Regarding "behaviors among online gamers," the CDCs Youth Risk Behavior Surveillance System (YRBSShttp://www.cdc.gov/HealthyYouth/yrbs/index.htm) indicate that boys are twice as likely to be a serious gamer. Just how was the first paper's sample collected?

Simon Spero said...

@Michael The first paper is available online at dmitriwilliams.com/LFGpaperfinal.pdf.

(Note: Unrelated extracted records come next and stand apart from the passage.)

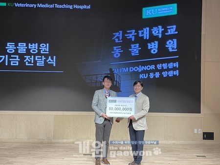 이날 전달한 발전기금은 건국대 동물병원 신축을 위해 쓰일 예정이다.
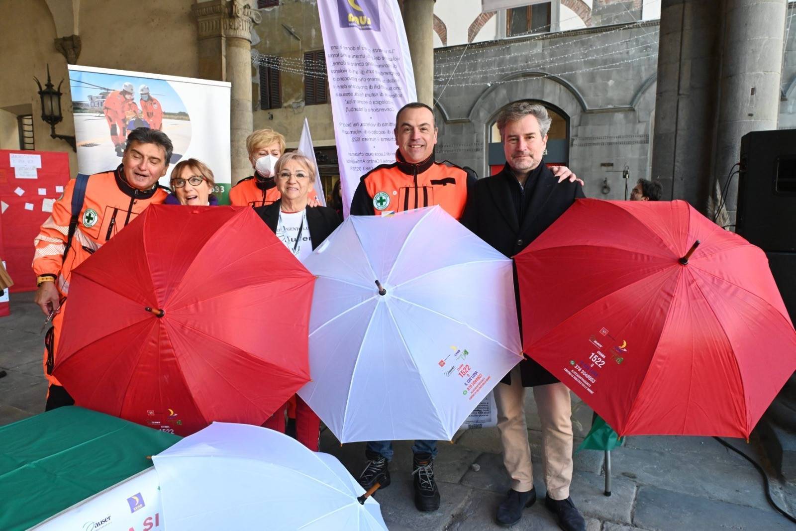 Oltre agli ombrelli rossi e bianchi, con il rosso simbolo del femminicidio e della violenza di genere ed il bianco che simboleggia l’impegno degli uomini a non tollerare e combattere la violenza di nessun tipo contro le donne, sono state distribuite anche le rose arancioni che sono un’icona internazionale. Piera Banti, responsabile del codice rosa per Lucca e Castelnuovo Garfagnana, ha così spiegato a La Gazzetta di Lucca: "La rosa arancione viene messa sulle divise degli operatori del pronto soccorso della nostra zona a dimostrazione che sono personale formato e sensibilizzato sulla violenza di genere. Questo simbolo è attivo da ben 12 anni”.
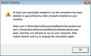 「RanSim実行ファイル(Launcher.exe)は、セキュリティ・チェック対象から除外」
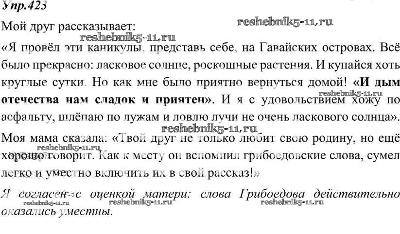 Готовая домашняя работа с ответами по Русскому языку за 8 класс Тростенцова, Ладыженская, Дейкина, Александрова Учебник Просвещение 2014 ФГОС - Упражнения 423
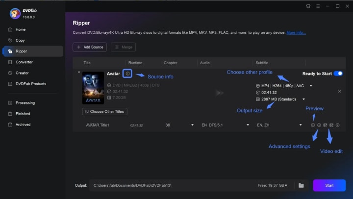 There is also a more flexible way to copy DVDs by converting them into widely compatible digital formats like MP4, AVI, MOV, and more. This allows you to play your copied files on various devices instead of being limited to a DVD player. If you prefer this method, DVDFab DVD Ripper can help you copy DVDs on Mac as digital files.
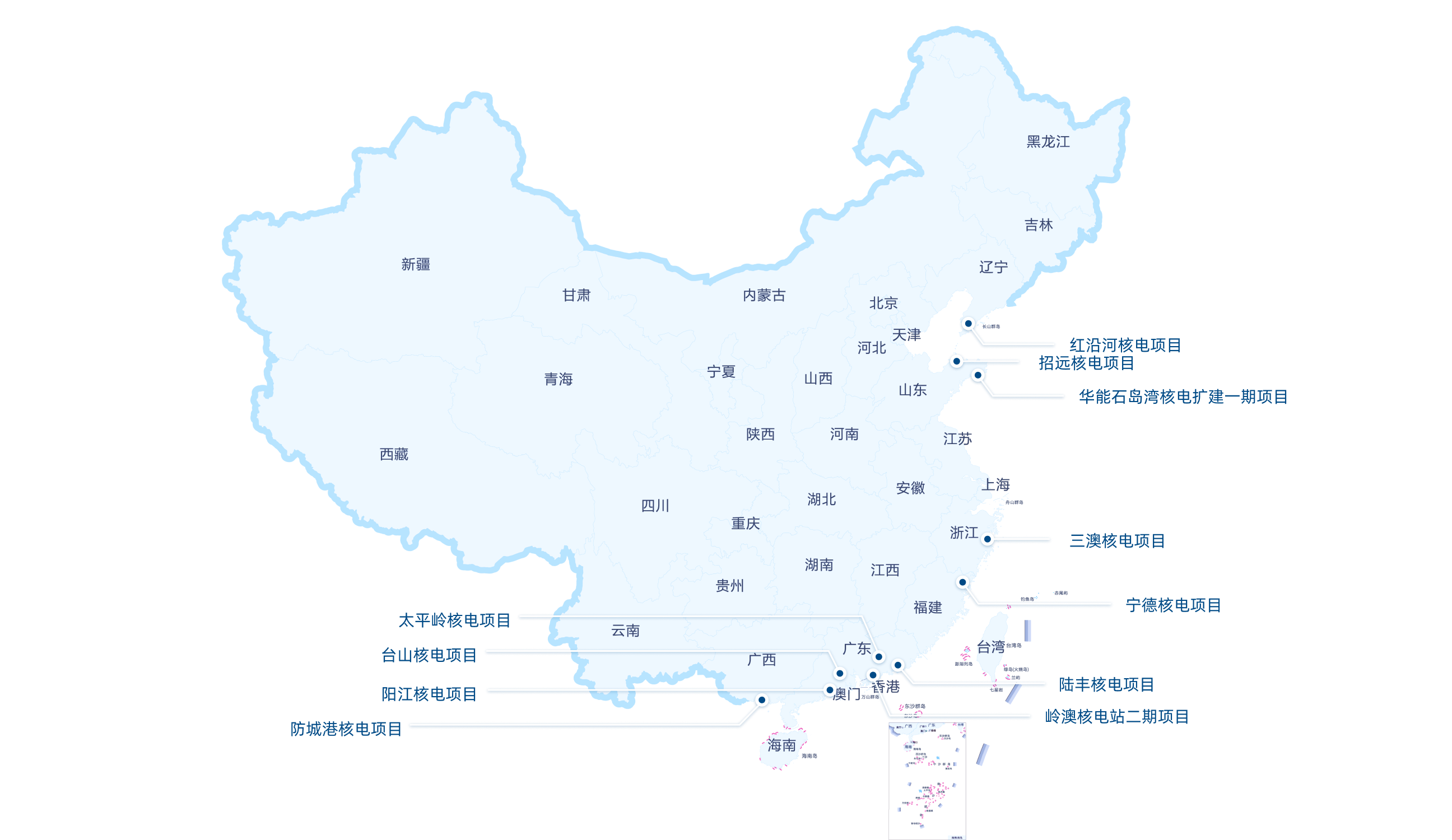 備注:此圖參考 審圖號GS(2021)5449號 自然資源部監制,僅用于中廣核旗下項目分布示意
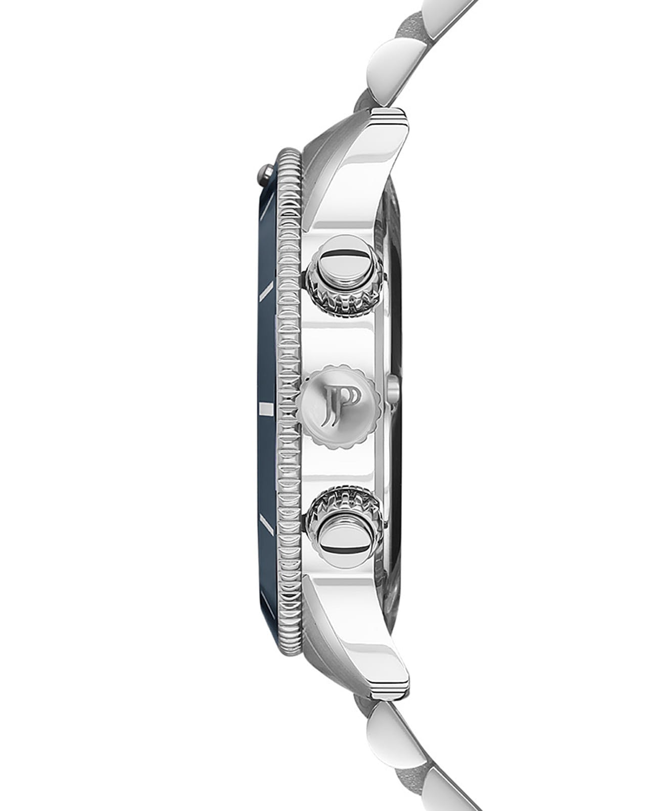 Швейцарские мужские часы-хронографХронографФункция позволяет измерять отрезки времени с особой точностью: часы, минуты, секунды. Верным признаком хронографа является наличие на циферблате 3 дополнительных окошек-счётчиков. с секундомеромСекундомерСекундоме́р — прибор, способный измерять интервалы времени с точностью до долей секунды. Jacques Philippe Victory JPQGC271336, кварцевый механизм с высокой точностью. Сапфировое стеклоСапфировое стеклоПрочный и надёжный материал из кристалла сапфира синтетического происхождения, характеризующийся особой твёрдостью и устойчивостью к царапинам и повреждениям. устойчивое к появлению царапин, обладающее высокой прозрачностью. Корпус часов изготовлен из нержавеющей стали. БезельБезельВнешний ободок, закрепляющий стекло. В спортивных часах так называется поворотное кольцо с делениями на циферблате, выполняет роль таймера – замеряет отрезки времени на шкале. Неподвижный безель – элемент декора. Однонаправленно вращающийся безель на дайверских часах позволяет фиксировать моменты погружения и выныривания на поверхность. из стали с IP-покрытиемIP-покрытиеМетод ионного напыления. Демонстрирует повышенную устойчивость к истиранию, окислению и химическим веществам. Под воздействием высокого давления и температуры около 1500°C молекулы металла надёжно соединяются с частицами корпуса часов.. На циферблате три дополнительных индикатора. Окошко даты находится в положении 6 часов. Стрелки с люминесцентным покрытиемЛюминесцентное покрытиеПозволяет считывать показания времени в темноте. Производители наносят на стрелки, часовые индексы, безель или поверхность циферблата светонакопительный состав, дающий холодное свечение.. Класс водозащиты: 100 метров, позволит плавать, нырять и заниматься другими водными видами спорта. Стальной браслет на застёжке «бабочка» с кнопкамиЗастёжка "бабочка"Такой вид застёжки дополняется предохранителями, помогающими избежать случайного раскрытия браслета. Обладают изящным исполнением. .

The study was performed with the assistance of Sony Online Entertainment, who assisted in fielding the survey, and was able to provide measurements of actual time played; this direct measurement revealed unexpected results:

[C]ontrary to the hypothesis about playing time (H3), women played more hours of EQII than males
(Mfemale = 29.32 hours/week, SD = 20.14, Mmale = 25.03 SD = 18.70, F(1, 2436) = 10.24, p < .001, partial η2 = .004). Moreover, the overall distribution showed differences with the female population (Skewness = 1.63) having more high-intensity players than the men (Skewness = 1.30). A closer analysis of time by gender bears this pattern out: The top 10% of male players played an average of 48.86 hours/week, while the top 10% of female players played an average of 56.64 hours/week.
(711)

Further:
This was the first use of large-scale unobtrusive behavioral data collection in game research. The findings of inaccuracy of self-reported time played are inarguable and have serious implications for prior work. It has been a typical measure to ask players how many hours they play games per week, per month, and so forth, and researchers have always taken the answers on faith (the authors here are no exception). Inaccuracy was thought to be simple noise in the data. This can no longer be the case because not only do players systematically underestimate the time they play but also do so differently by gender. This finding, although not large, nevertheless brings into question marginal findings in past work. If time spent has been used as either a dependent or independent variable and findings have been only barely significant (or have just missed significance), those findings may have been under- or overstated. Given the field’s use of the .05 significance level, there may now be a series of past findings that should not have been published, and a series of rejected findings that actually should have been. Future work must be careful when using this standard, and past work should be re-evaluated. This also points out the usefulness of having unobtrusive measures of behavior whenever possible. (721-722)

Unknown said...

Yee has been looking at online gaming for a while.